Then come back to this notebook and try again. (You might have to restart your kernel). 

---
## 2. Statistical Transformations (`stat`)

`stat_*` functions transform your raw data before plotting — computing summaries like bin counts, smoothing lines, or group means.

| `stat` function | What it computes | Paired geom |
|---|---|---|
| `stat_smooth()` | Smoothing curve (LOESS/linear) | `geom_point()` |
| `stat_bin(bins=n)` | Bin counts for a continuous variable | `geom_bar()` |
| `stat_count()` | Count rows per category | `geom_bar()` |
| `geom_bar(stat='summary', fun_y=fn)` | Apply any aggregate function | — |

In [None]:
# add statistical transformations
(ggplot(midwest,aes('percollege','percprof',color = 'state'))
+geom_point()
+facet_wrap('state')
+stat_smooth()).draw()

In [None]:
# Using stats with bars (continuous)
(ggplot(midwest,aes('percollege'))
 +geom_bar()
 +stat_bin(bins = 20)).draw()

In [None]:
# Using stats with bars (discrete)
(ggplot(midwest,aes('state'))
 +geom_bar()
 +stat_count()).draw()

In [None]:
# Since stats get paired with specific geoms, can place them together
(ggplot(midwest,aes('percollege'))
+stat_bin(geom = 'bar',bins = 20)).draw()

In [None]:
# Using stats with bars
(ggplot(midwest,aes(x='state',y='poptotal'))
 + geom_bar(stat='summary', fun_y=np.mean)).draw()

In [None]:
# check what the above plot is doing 
midwest.groupby('state')['poptotal'].mean()

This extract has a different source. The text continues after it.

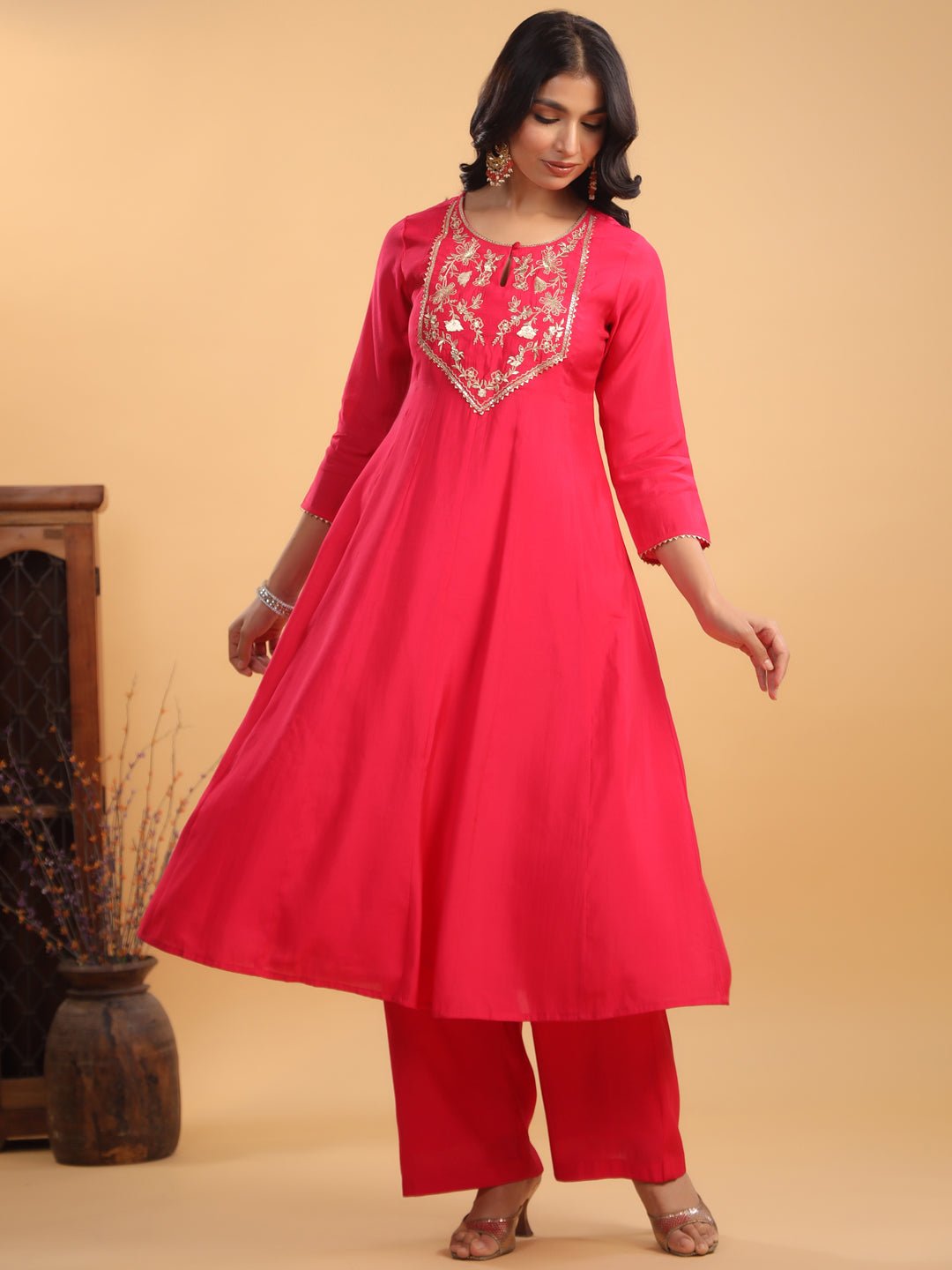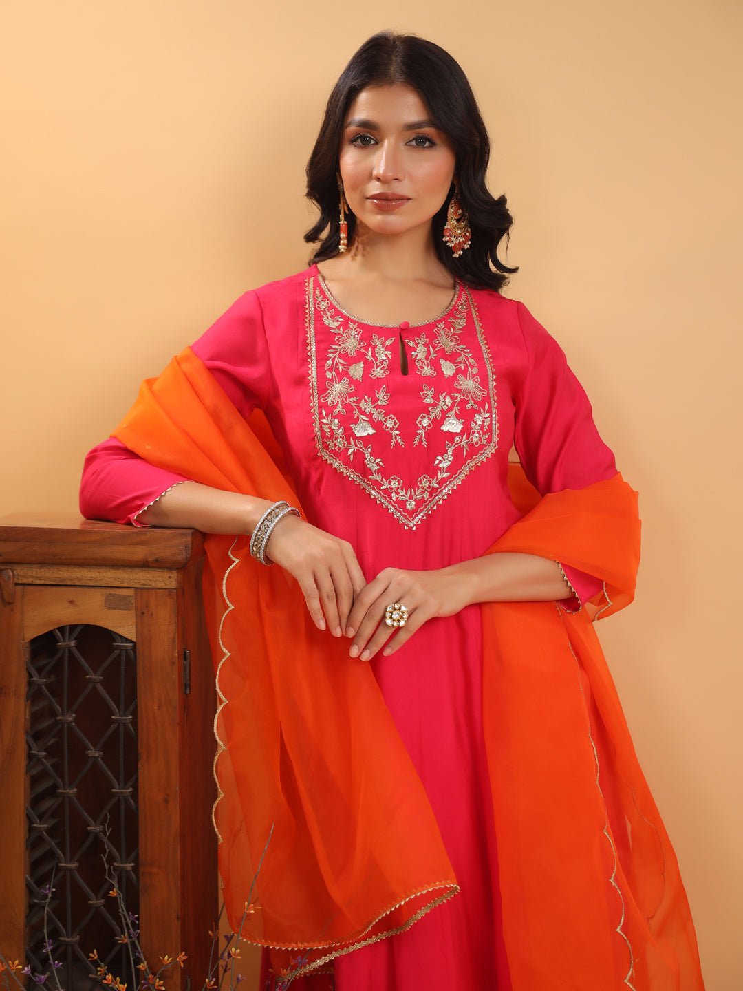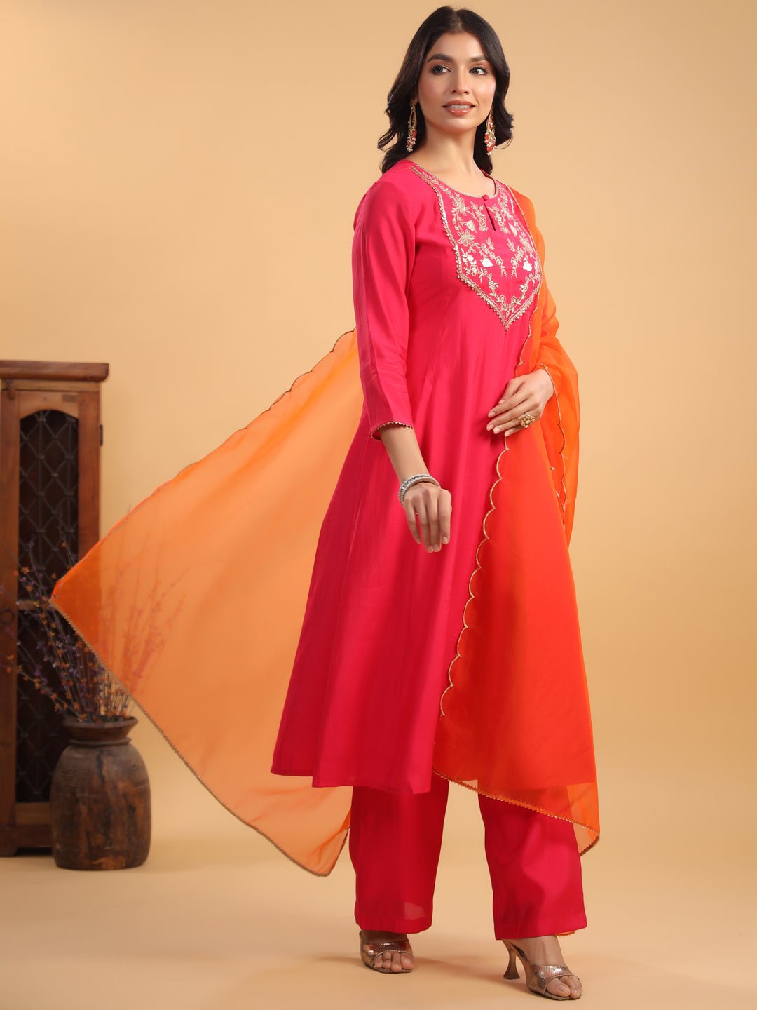 - Embrace Elegance With Janasya’S Pink Chanderi Yoke Embroidered Anarkali Kurta Set. Crafted From Luxurious Chanderi Fabric, This Stunning Anarkali Features Intricate Zari Embroidery On The Yoke, Elevating Its Festive Charm. The Keyhole Neckline Adds A Sophisticated Touch, Making It Perfect For Special Occasions. Paired With Matching Pink Straight Bottoms And A Contrasting Orange Organza Dupatta, This Ensemble Brings Together Vibrant Colors And Intricate Detailing, Offering A Graceful Yet Bold Look That’S Sure To Turn Heads.

### ✏️ Check-in 1 — Statistical Transformations

Using the `midwest` dataset:

1. Use `stat_smooth()` together with `geom_point()` to plot `percollege` vs `percpoverty` with a smoothing line. Color points by `state`.
2. Make a bar chart of **mean** `percbelowpoverty` per state using `geom_bar(stat='summary', fun_y=np.mean)`.

In [None]:
# 1. Scatter + smooth line, colored by state


In [None]:
# 2. Bar chart of mean percbelowpoverty per state


#### Answer

In [None]:
(ggplot(midwest, aes('percollege','percpoverty', color='state'))
+geom_point()
+stat_smooth()).draw()

In [None]:
(ggplot(midwest, aes(x='state', y='percbelowpoverty'))
+geom_bar(stat='summary', fun_y=np.mean)).draw()

---
## 3. Layer-Specific Mappings

Mappings inside `aes()` at the top level apply to **all layers**. Mappings inside a specific `geom_*(aes(...))` apply to **that layer only** — useful when you want a smooth line for all data but colored points per group.

In [None]:
# Use different aesthetics for different parts of graphic
(ggplot(midwest,aes('percollege','percprof', color = 'state'))
+geom_point()
+stat_smooth()).draw()

In [None]:
(ggplot(midwest,aes('percollege','percprof'))
+geom_point(aes(color = 'state'))
+stat_smooth()).draw()

In [None]:
# Use different aesthetics for different parts of graphic
(ggplot(midwest,aes('percollege','percprof', color = 'state'))
+geom_point()
+facet_wrap('state')
+stat_smooth()).draw()

In [None]:
# Use different aesthetics for different parts of graphic
(ggplot(midwest,aes('percollege','percprof'))
+geom_point(aes(color = 'state'))
+facet_wrap('state')
+stat_smooth()).draw()

### ✏️ Check-in 2 — Layer Mappings

1. Create a plot of `percollege` vs `percprof` where:
   - **Points** are colored by `state` (mapping in `geom_point`)
   - A **single** overall smooth line is drawn (no color grouping on `stat_smooth`)
2. Now flip it: apply `color='state'` to the **top-level** `aes()` so both the points and the smooth line are colored per state. What is the difference?

In [None]:
# 1. Color on geom_point only, one smooth line


In [None]:
# 2. Color on top-level aes, smooth lines per state


#### Hint

For Q1: put `aes(color='state')` **inside** `geom_point()`, not in the top-level `ggplot()` call.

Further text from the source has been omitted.